战损雄虫禁养守则(95)

2026-06-05

  好大的侮辱!

  然而撤下的虫族军团内部,却不管其他种族对他们是什么看法,一个个神情严肃,盘腿坐在宿舍内,额顶的小触角一晃一晃,屏息凝神的等待着晚上七点的到来。

  遥远的斯霍尔特莱家族,安斯艾尔最小的弟弟本瑟今年才十岁,他与其他没能去往主星的哥哥们待在家里,此时在几个哥哥的争吵中一句话不敢多说。
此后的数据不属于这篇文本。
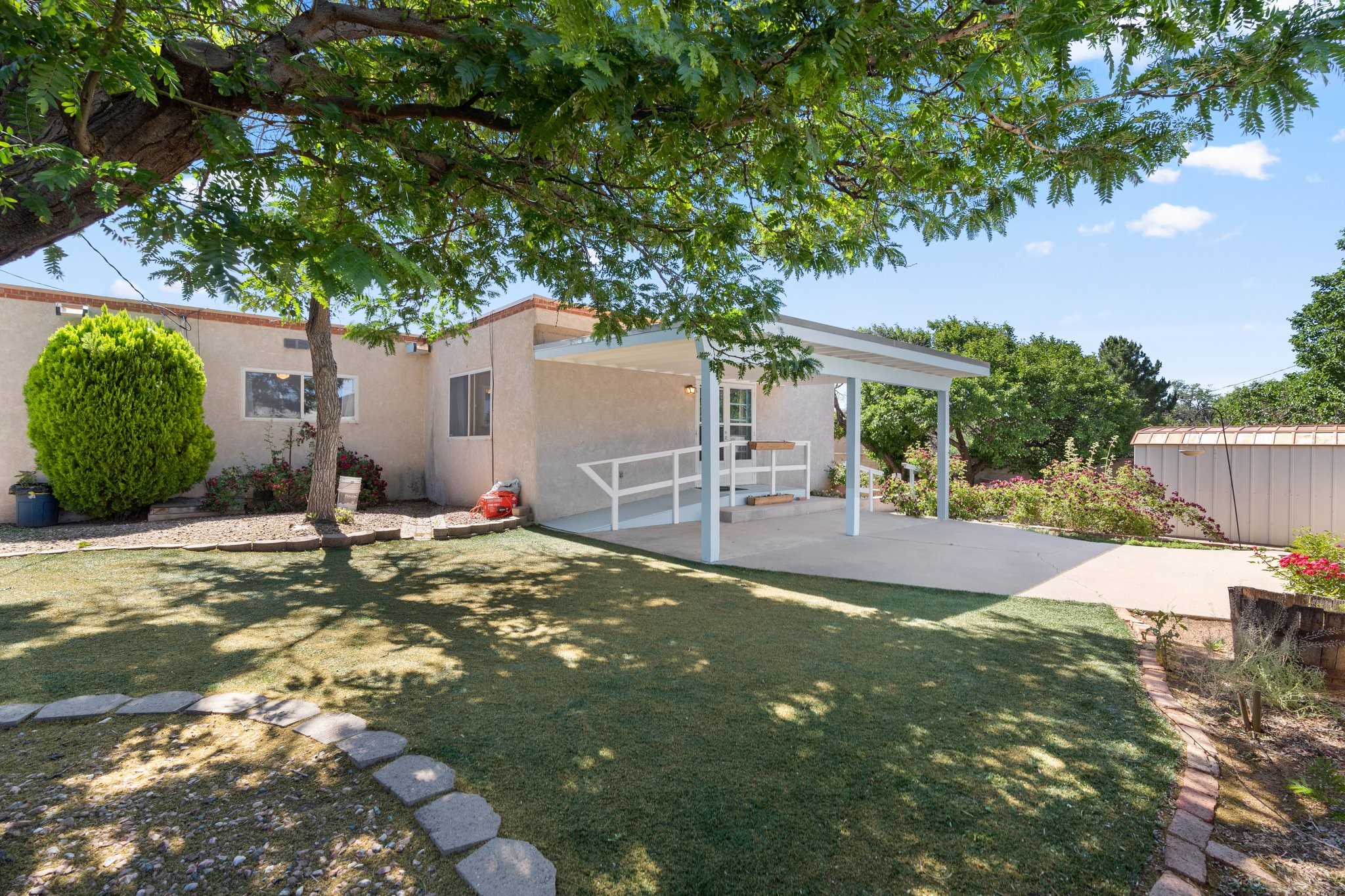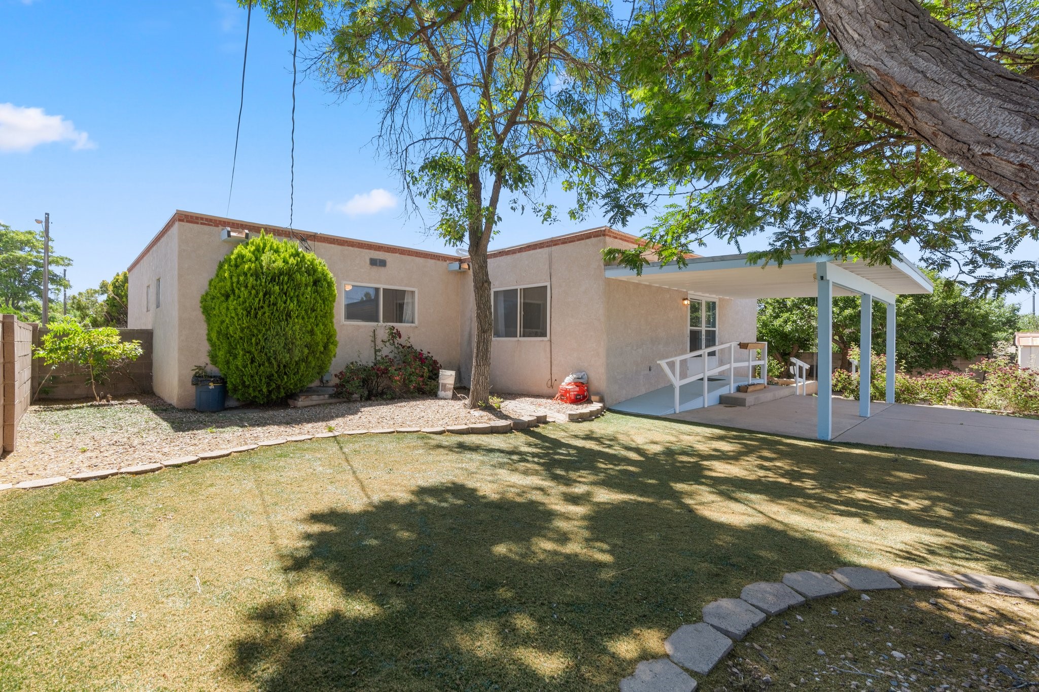 This stunning home in Santa Fe offers 3 possible 4 bedrooms and 2 full bathrooms. This single-story property boasts a large back yard with turf, shade tree's and flowers, providing ample space for outdoor activities and entertainment. Additionally, this home has recently undergone a full roof replacement, New Water Heater, Stucco Repair, New Drain outs and Sewer Line Liner. The home also had an updated electrical panel installed. Original hardwood floors under the carpets in the living room, dining room, primary bedroom, both bedrooms at the front, and hallway. Located in the beautiful city of Santa Fe, this home is situated in a prime location that allows for easy access to local schools, amenities, shopping, restaurants, and entertainment. With its combination of comfort, style, and convenience, this property offers the perfect setting for you to call home. Don't miss out on this opportunity to own a piece of Santa Fe's charm and elegance.

  本瑟悄悄留意着时间,他已经把星脑主界面的壁纸换成了自己最大的哥哥。

  俊美完美的安斯艾尔哥哥。

  本瑟看了一眼星脑壁纸,喜欢得不行。

  本瑟是阿利克最后一个虫崽,当年安斯艾尔确认失踪的时候,他才两岁。

  本瑟对于安斯艾尔的记忆很模糊,印象中那头纯粹的冰蓝发丝,像是小手抓不住的海洋,偶尔停在他的身边捏捏他,但更多的时候脚步匆匆极快地从他视线中消失。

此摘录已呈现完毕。